I believe architectural decisions should be the foundational step in the development process. When governance is embedded into the design of an AI model from the onset, the system is more likely to operate in accordance with established rules and standards. Incorporating compliance early is far more effective than attempting to tweak and fit in controls later, as it ensures consistent adherence to protocols and regulatory requirements throughout the model’s lifecycle.

Reliability is non-negotiable in government systems. How does that expectation change how you approach model validation, monitoring, and failure handling?

Another key concern is validating and verifying the model developed. Before deployment, in the development life cycle, the models are thoroughly tested to verify accuracy, robustness, and fairness. Bias testing is also included to ensure that the model behaves in the same way in various scenarios. Validation processes help determine whether a model is ready to use and if it can proceed for regulatory approval.

Once deployed, it’s continuously monitored with various tools and human oversight as well. Models over time can degrade and overfit due to changes in data patterns, known as model drift. Many monitoring systems track performance metrics, detect anomalies, and trigger alerts when outputs fall outside acceptable thresholds. With regular retraining and version control, we can ensure consistency and traceability.

You work with modern techniques such as large language models. What additional safeguards become necessary when deploying these models in regulated environments?

Besides the one mentioned above, maintaining audit logs is crucial. We need to know detailed logs of data that was accessed and model decisions. The CI/CD pipelines should be protected as well to ensure security.
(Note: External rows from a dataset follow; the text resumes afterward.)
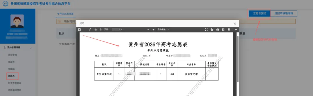 5.志愿表预览
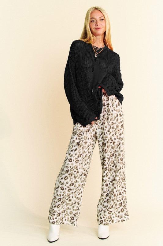 Davi & Dani Star Front Crochet Drop Shoulder Knit Top
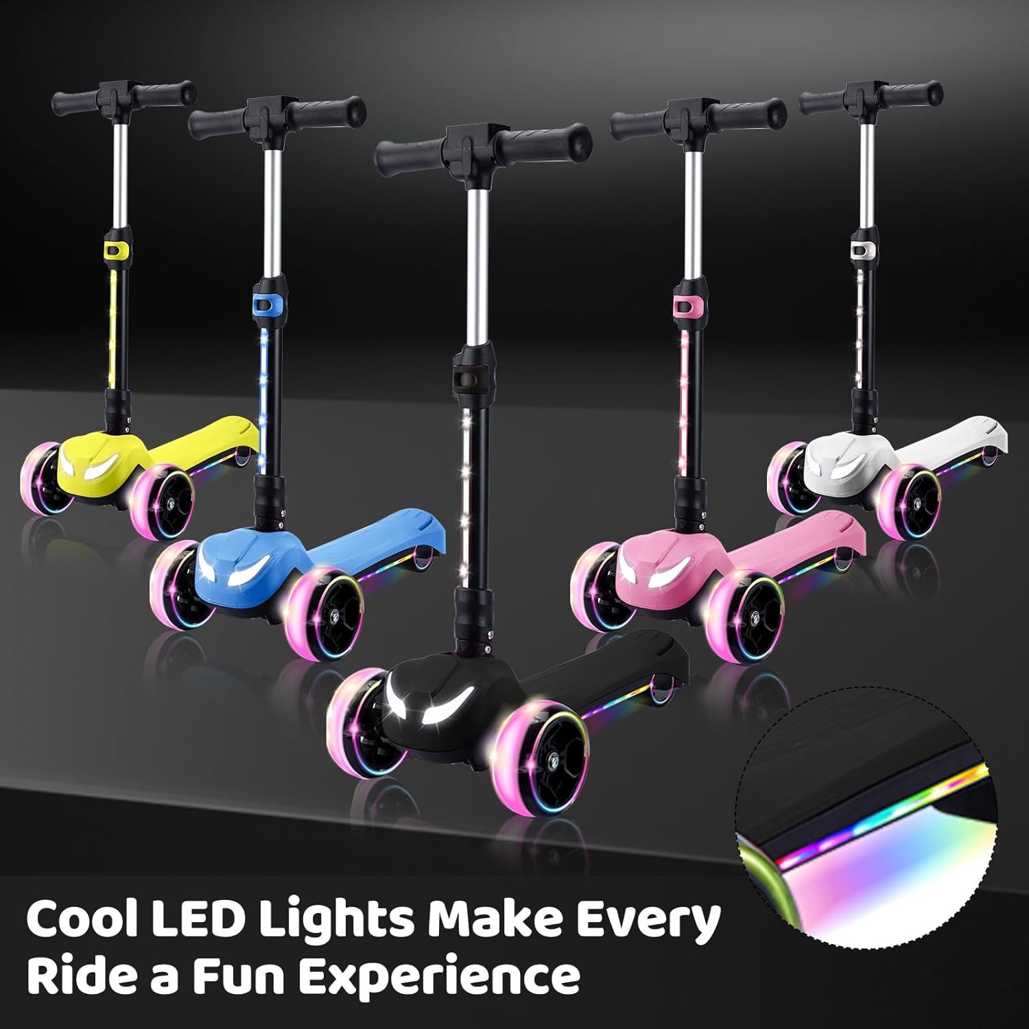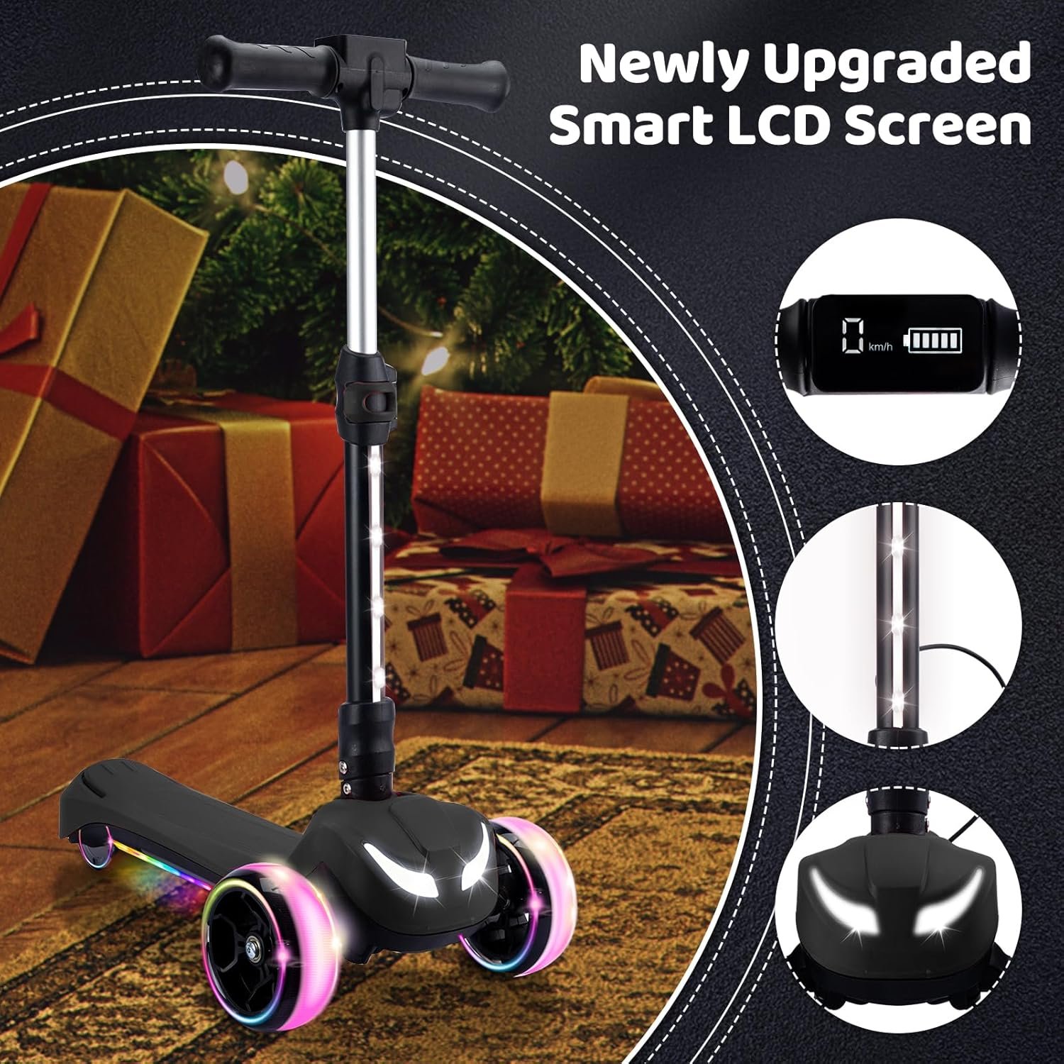 24V Electric Scooter for Kids w/150W Powerful Motor, Thumb Throttle, LCD Screen, Bluetooth, Light-Up Stem Deck & Wheels, 3 Adjustable Heights, 5MPH Safe Speed, 3 Wheel Electric Scooter for Kids
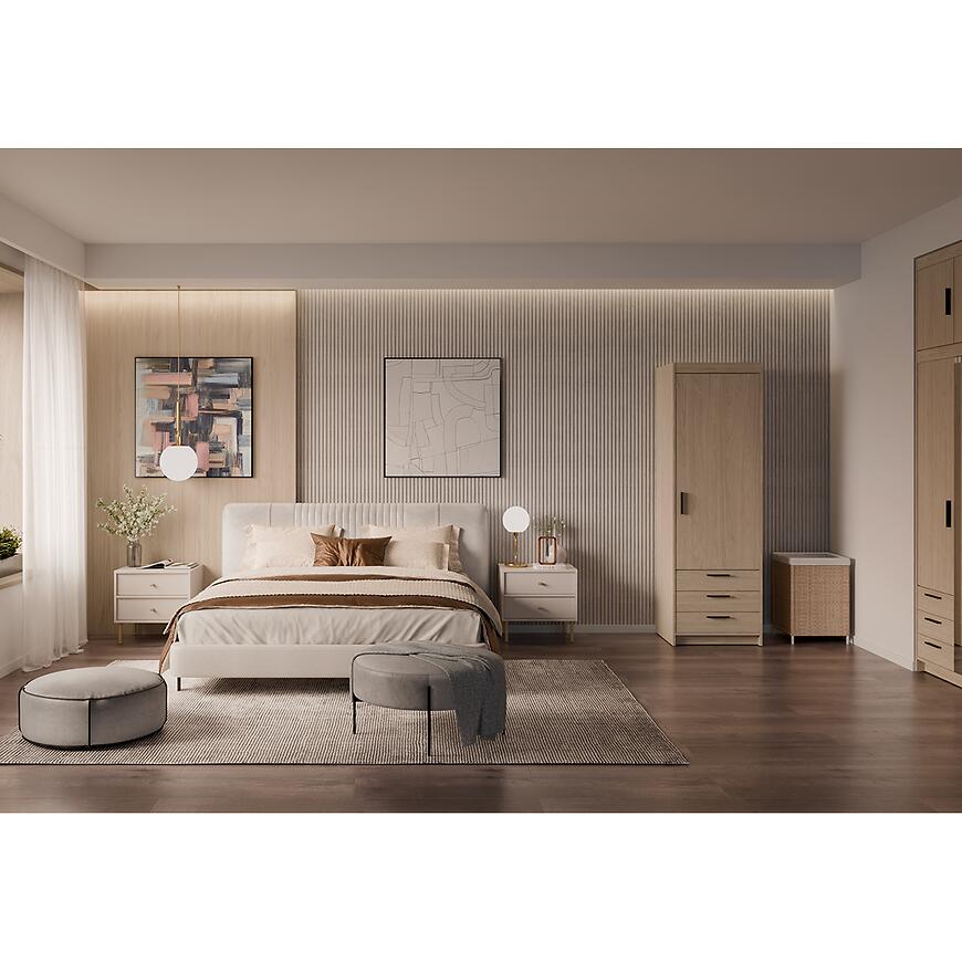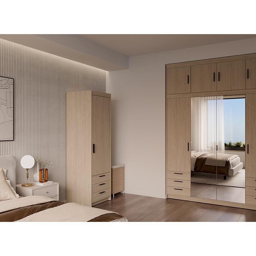 Szafa Elena 1D 3S należy do kolekcji ELENA, łączącej nowoczesny styl z praktycznymi rozwiązaniami do przechowywania. Fronty i korpus wykonano z laminowanej płyty wiórowej, co zapewnia trwałość i odporność na codzienne użytkowanie. Matowe wykończenie frontów podkreśla naturalny charakter drewna i ogranicza widoczność odcisków palców, nadając szafie elegancki wygląd.
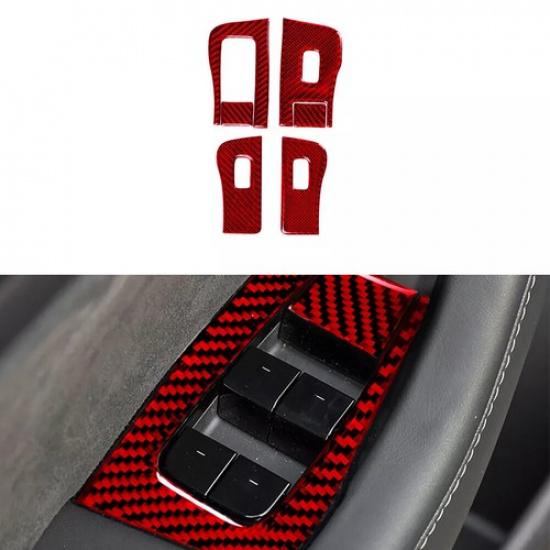 Red Carbon Fiber Window Lift Button Panel Cover Trim For Tesla Model 3/Y 2017-22

Even with AI, we need to explicitly keep retraining the models on what can be used and accessed, clearly setting up the boundaries.

How do lessons learned in government settings translate to private sector organizations that may not face the same regulatory pressure but still need to deploy AI responsibly?

Irrespective of whether it’s a regulated environment or the private sector, the security aspects and models development cycle is quite similar.  However, what differs the most is that in regulated sectors, one strictly adheres to the governing bodies and their laws, which have to be strictly followed, versus in the private sector, the laws are defined by the organization primarily which can be tweaked and are rather more flexible.

From your perspective, what are the most common mistakes private companies make when handling sensitive data with AI, and how could regulated environments help them avoid those pitfalls?

In the private sector, I feel that compliance requirements are often lighter unless they operate in regulated industries. Organizations can themselves decide how policies are implemented and updated. They have higher risk tolerance and their data usage policies are more flexible than the regulated environments, allowing faster deployments, releases as well as experimentations.

Looking forward, how do you see government and regulated industries influencing broader standards for ethical, secure, and trustworthy AI adoption?

In recent times, a lot of regulations have been targeted towards AI. For example, ISO/IEC 23894. These frameworks, when incorporated, can help in trustworthy AI adoption. More frameworks targeting security and risk are being revised and developed to keep up with the ever-evolving speed of AI.